Another popular myth about the origins of the Christmas tree tradition is that the Saxon-born Prince Albert, consort to Queen Victoria of the United Kingdom, erected a decorated tree at Windsor Castle in 1841 to celebrate the birth of his first-born son. According to the legend this introduced the custom of Christmas trees to the United Kingdom. The English royal family, however, had been decorating Christmas trees since the early nineteenth century. The publication in 1848 of a photograph of a tree at Windsor Castle decorated with expensive sweetmeats, candy, gingerbread, and a winged angel as a tree topper, however, marks the moment that Christmas trees achieved widespread appeal in the United Kingdom.[7]

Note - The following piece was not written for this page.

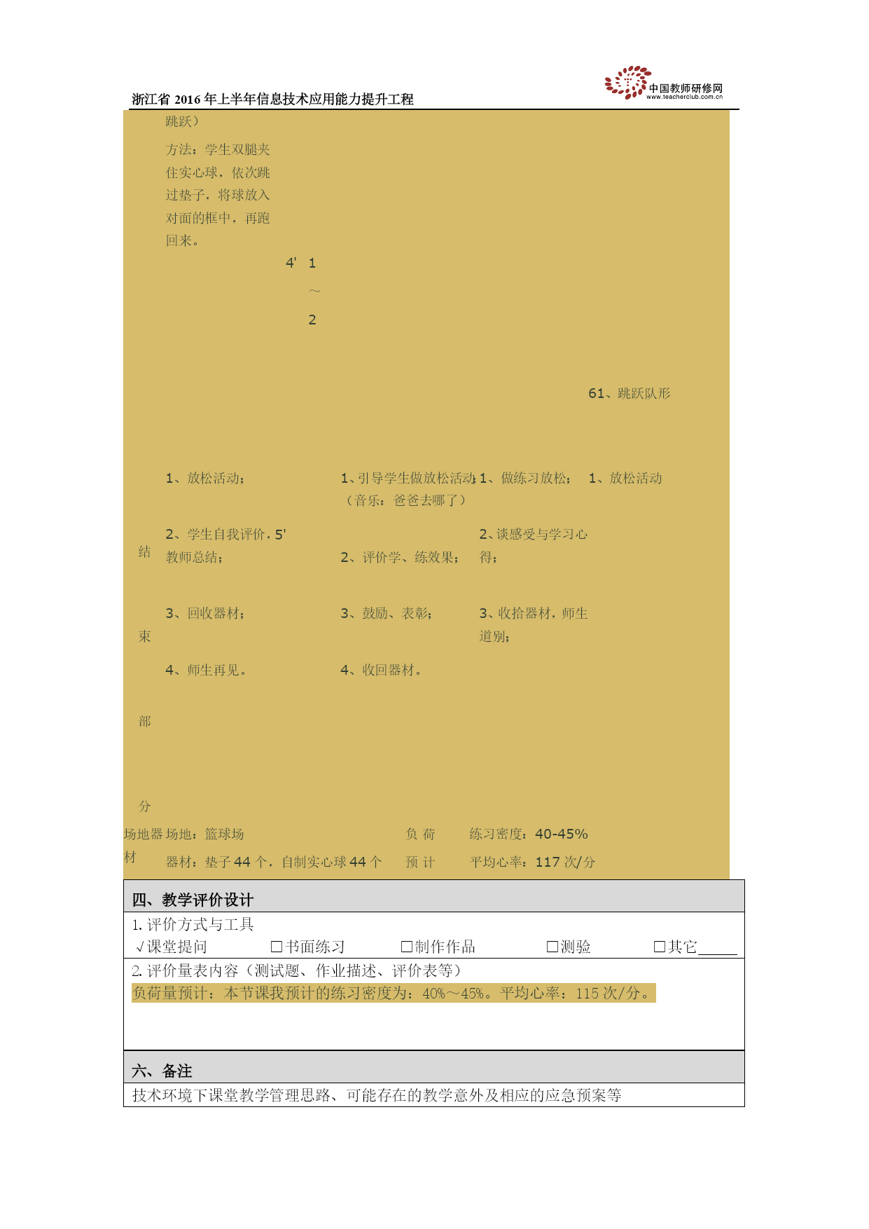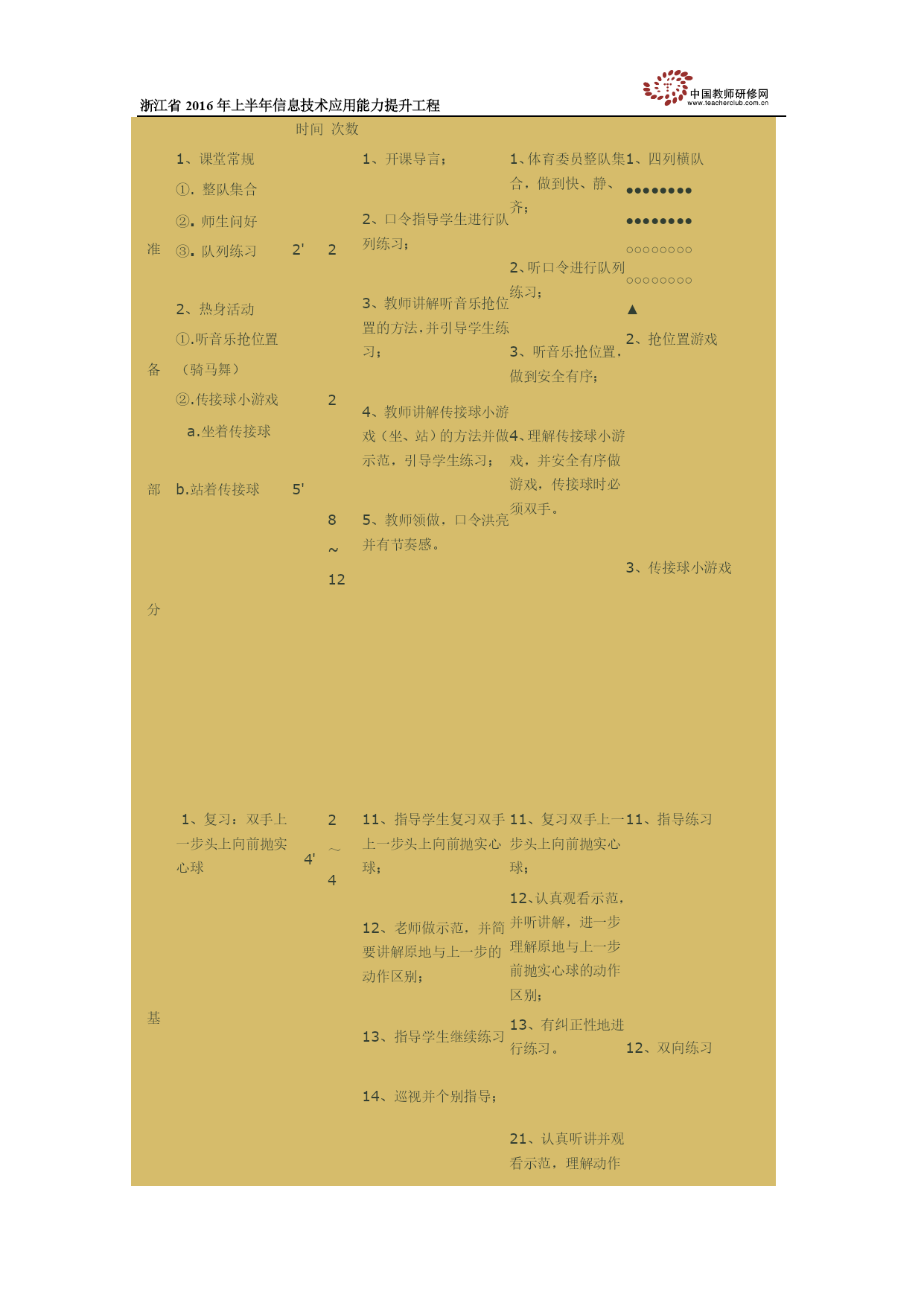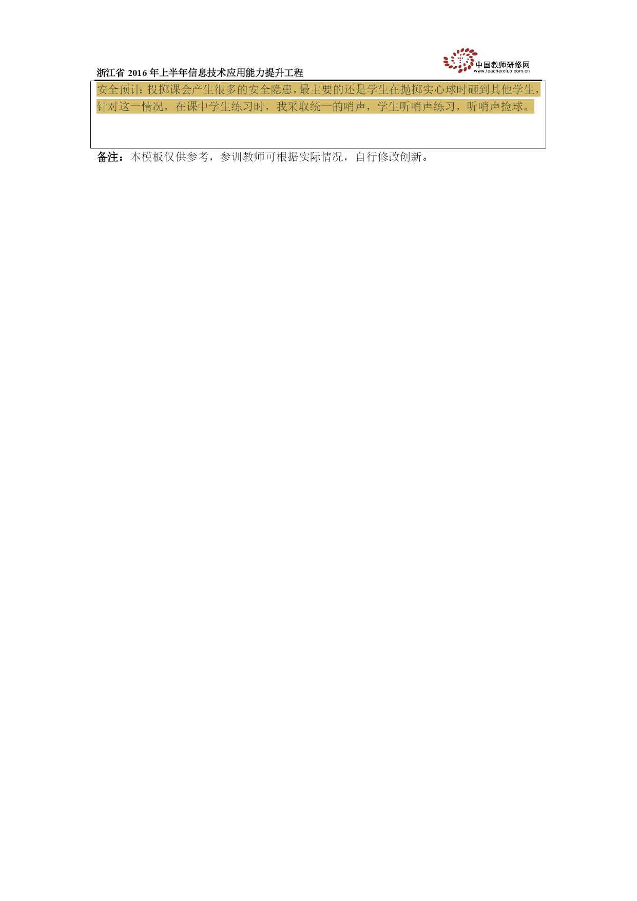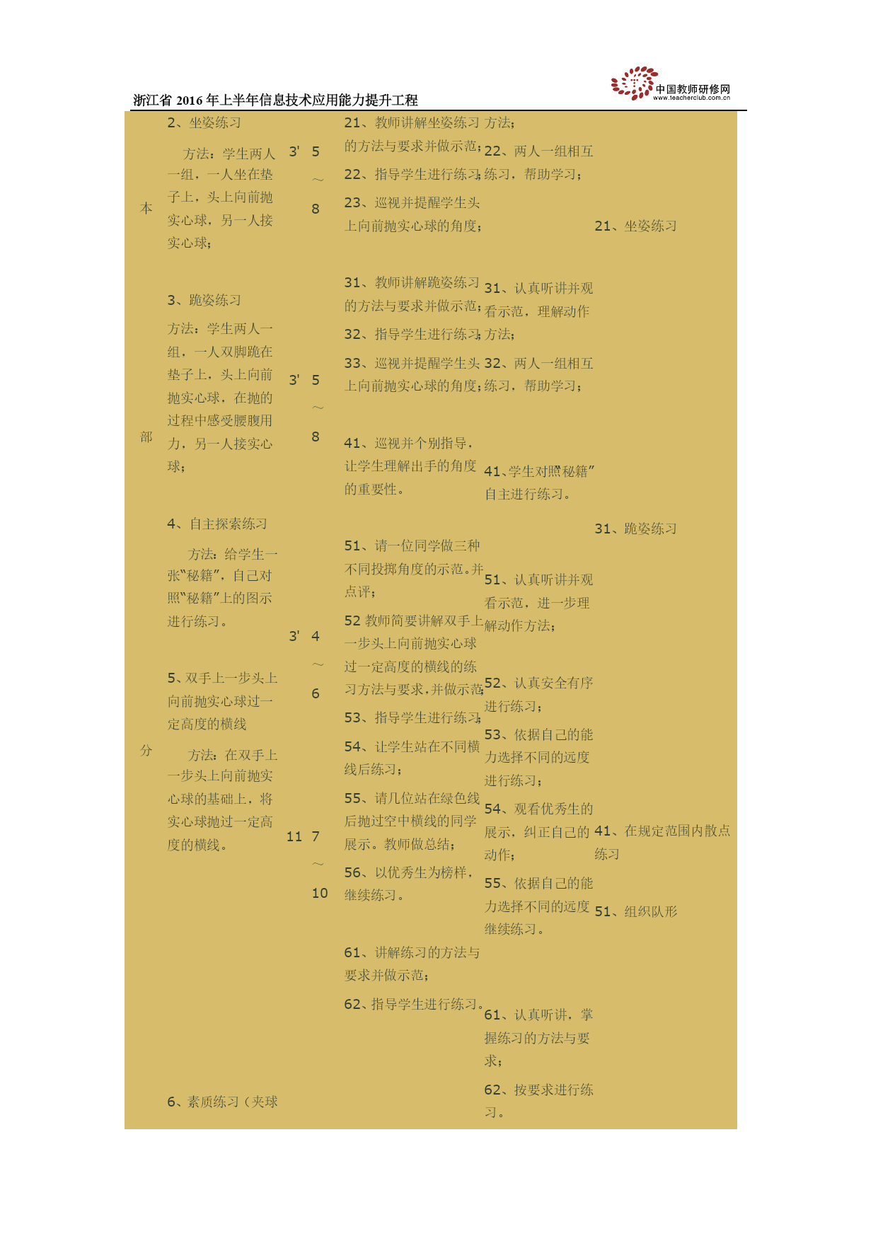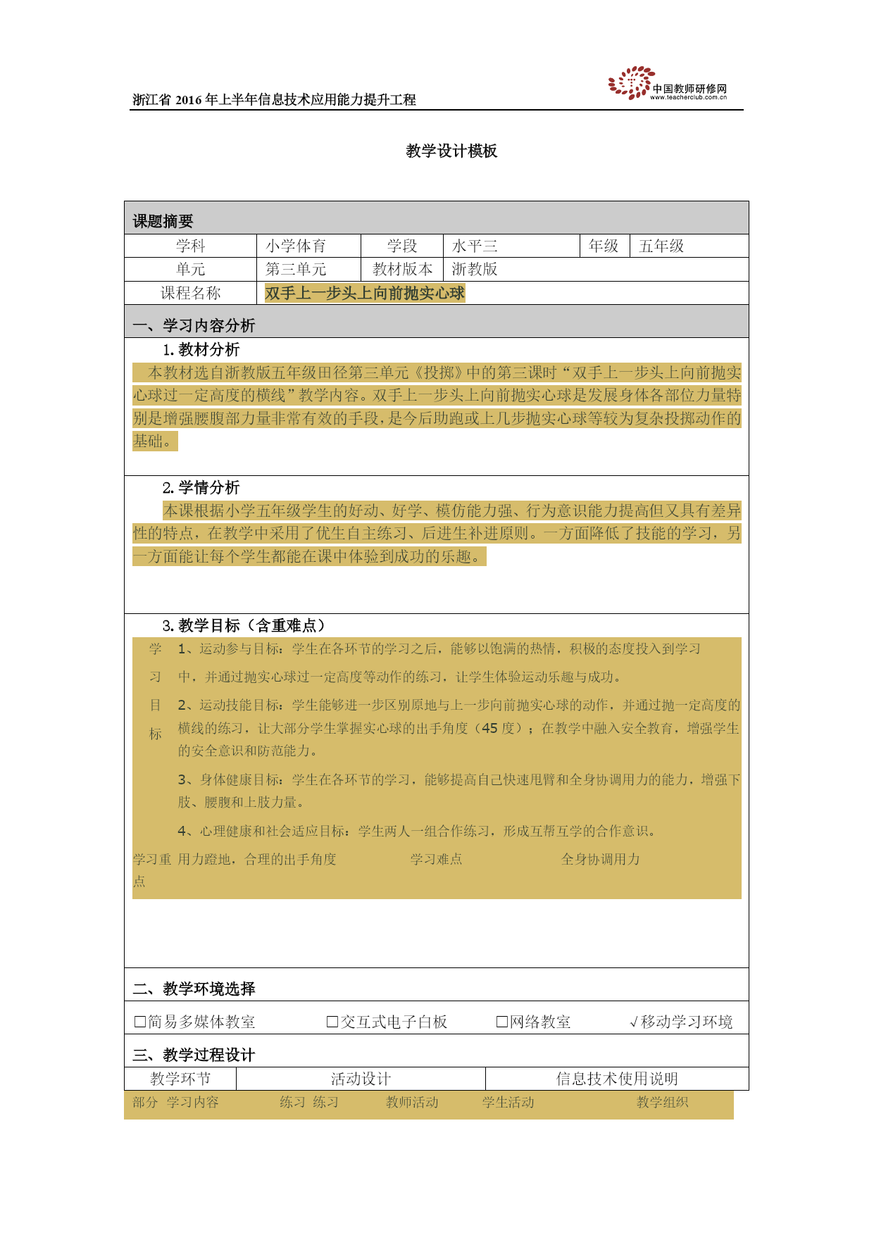 浙江省2016年上半年信息技术应用能力提升工程 教学设计模板 课题摘要学科小学体育学段水平三年级五年级单元第三单元教材版本浙教版课程名称双手上一步头上向前抛实心球一、学习内容分析1.教材分析 本教材选自浙教版五年级田径第三单元《投掷》中的第三课时“双手上一步头上向前抛实心球过一定高度的横线”教学内容。双手上一步头上向前抛实心球是发展身体各部位力量特别是增强腰腹部力量非常有效的手段,是今后助跑或上几步抛实心球等较为复杂投掷动作的基础。 2.学情分析 本课根据小学五年级学生的好动、好学、模仿能力强、行为意识能力提高但又具有差异性的特点,在教学中采用了优生自主练习、后进生补进原则。一方面降低了技能的学习,另一方面能让每个学生都能在课中体验到成功的乐趣。 3.教学目标(含重难点) 学 习 目 标1、运动参与目标:学生在各环节的学习之后,能够以饱满的热情,积极的态度投入到学习 中,并通过抛实心球过一定高度等动作的练习,让学生体验运动乐趣与成功。 2、运动技能目标:学生能够进一步区别原地与上一步向前抛实心球的动作,并通过抛一定高度的横线的练习,让大部分学生掌握实心球的出手角度(45度);在教学中融入安全教育,增强学生的安全意识和防范能力。 3、身体健康目标:学生在各环节的学习,能够提高自己快速甩臂和全身协调用力的能力,增强下肢、腰腹和上肢力量。 4、心理健康和社会适应目标:学生两人一组合作练习,形成互帮互学的合作意识。学习重点用力蹬地,合理的出手角度学习难点全身协调用力 二、教学环境选择□简易多媒体教室□交互式电子白板□网络教室√移动学习环境三、教学过程设计教学环节活动设计信息技术使用说明部分学习内容练习 时间练习 次数教师活动学生活动教学组织 准 备 部 分1、课堂常规 ①.整队集合 ②.师生问好 ③.队列练习 2、热身活动 ①.听音乐抢位置 (骑马舞) ②.传接球小游戏 a.坐着传接球 b.站着传接球 2' 5' 2 2 8 ~ 12 1、开课导言; 2、口令指导学生进行队列练习; 3、教师讲解听音乐抢位置的方法,并引导学生练习; 4、教师讲解传接球小游戏(坐、站)的方法并做示范,引导学生练习; 5、教师领做,口令洪亮并有节奏感。 1、体育委员整队集合,做到快、静、齐; 2、听口令进行队列练习; 3、听音乐抢位置,做到安全有序; 4、理解传接球小游戏,并安全有序做游戏,传接球时必须双手。 1、四列横队 ●●●●●●●● ●●●●●●●● ○○○○○○○○ ○○○○○○○○ ▲ 2、抢位置游戏 3、传接球小游戏 基 本 部 分 1、复习:双手上一步头上向前抛实心球 2、坐姿练习 方法:学生两人一组,一人坐在垫子上,头上向前抛实心球,另一人接实心球; 3、跪姿练习 方法:学生两人一组,一人双脚跪在垫子上,头上向前抛实心球,在抛的过程中感受腰腹用力,另一人接实心球; 4、自主探索练习 方法:给学生一张“秘籍”,自己对照“秘籍”上的图示进行练习。 5、双手上一步头上向前抛实心球过一定高度的横线 方法:在双手上一步头上向前抛实心球的基础上,将实心球抛过一定高度的横线。 6、素质练习(夹球跳跃) 方法:学生双腿夹住实心球,依次跳过垫子,将球放入对面的框中,再跑回来。 4' 3' 3' 3' 11 4' 2 ~ 4 5 ~ 8 5 ~ 8 4 ~ 6 7 ~ 10 1 ~ 2 11、指导学生复习双手上一步头上向前抛实心球; 12、老师做示范,并简要讲解原地与上一步的动作区别; 13、指导学生继续练习 14、巡视并个别指导; 21、教师讲解坐姿练习的方法与要求并做示范; 22、指导学生进行练习; 23、巡视并提醒学生头上向前抛实心球的角度; 31、教师讲解跪姿练习的方法与要求并做示范; 32、指导学生进行练习; 33、巡视并提醒学生头上向前抛实心球的角度; 41、巡视并个别指导,让学生理解出手的角度的重要性。 51、请一位同学做三种不同投掷角度的示范。并点评; 52教师简要讲解双手上一步头上向前抛实心球过一定高度的横线的练习方法与要求,并做示范; 53、指导学生进行练习; 54、让学生站在不同横线后练习; 55、请几位站在绿色线后抛过空中横线的同学展示。教师做总结; 56、以优秀生为榜样,继续练习。 6

In today’s world, we associate the Christmas tree with the Christmas holidays and their Christian meaning. We have mostly forgotten about the pagan past of the ideas of putting trees and tree branches in houses. The Christmas tree is fully associated with the Christian tradition of Christmas and the birth of Jesus Christ. Today, the Christmas tree reigns as the chief physical symbol of Christmas primarily in northern Europe, the United States, Australia, and regions of Canada. In southern Europe, Latin America, and in other Spanish-speaking regions, the Nativity scene predominates. [8] The tradition of the Christmas tree, as can be seen in this blog post, is a rather young tradition, even though its pagan roots go back further than many would expect. The first written accounts of modern Christmas trees can be found in the early sixteenth century, but the custom did not become widespread until the nineteenth century.

About the author:Melanie Reimann is a PhD candidate working with Dr. Robert McCoy. Her research fields are Native American and First Nation history, as well as the U.S./Canadian West. She received her B.A. in English and History and her M.A. in History from Bielefeld University in Germany. She moved from Germany to Pullman in August 2015.Her thesis will focus on protest and resistance among tribes in Washington State and British Columbia regarding their treatment by the U.S. and Canadian governments. To see Melanie's other post click here

[1]Christian Rätsch and Claudia Müller-Ebeling, Pagan Christmas: The Plants, Spirits, and Rituals at the Origins of Yuletide (Rochester: Inner Traditions, 2006), 19ff.
[2]Rätsch and Müller-Ebeling, Pagan Christmas, 9ff.
[3]Barbara Walter, Der Weihnachtsbaum in Brauchtum und Bedeutung (Norderstedt: GRIN Verlag, 2012), 4.
[4]William D. Crump, The Christmas Encyclopedia, Third Edition (Jefferson, McFarland & Company, Inc., Publishers, 2013), 139.
[5]Crump, The Christmas Encyclopedia, 140.
[6]Crump, The Christmas Encyclopedia, 140f.
[7]Crump, The Christmas Encyclopedia, 140.
[8]Crump, The Christmas Encyclopedia, 139.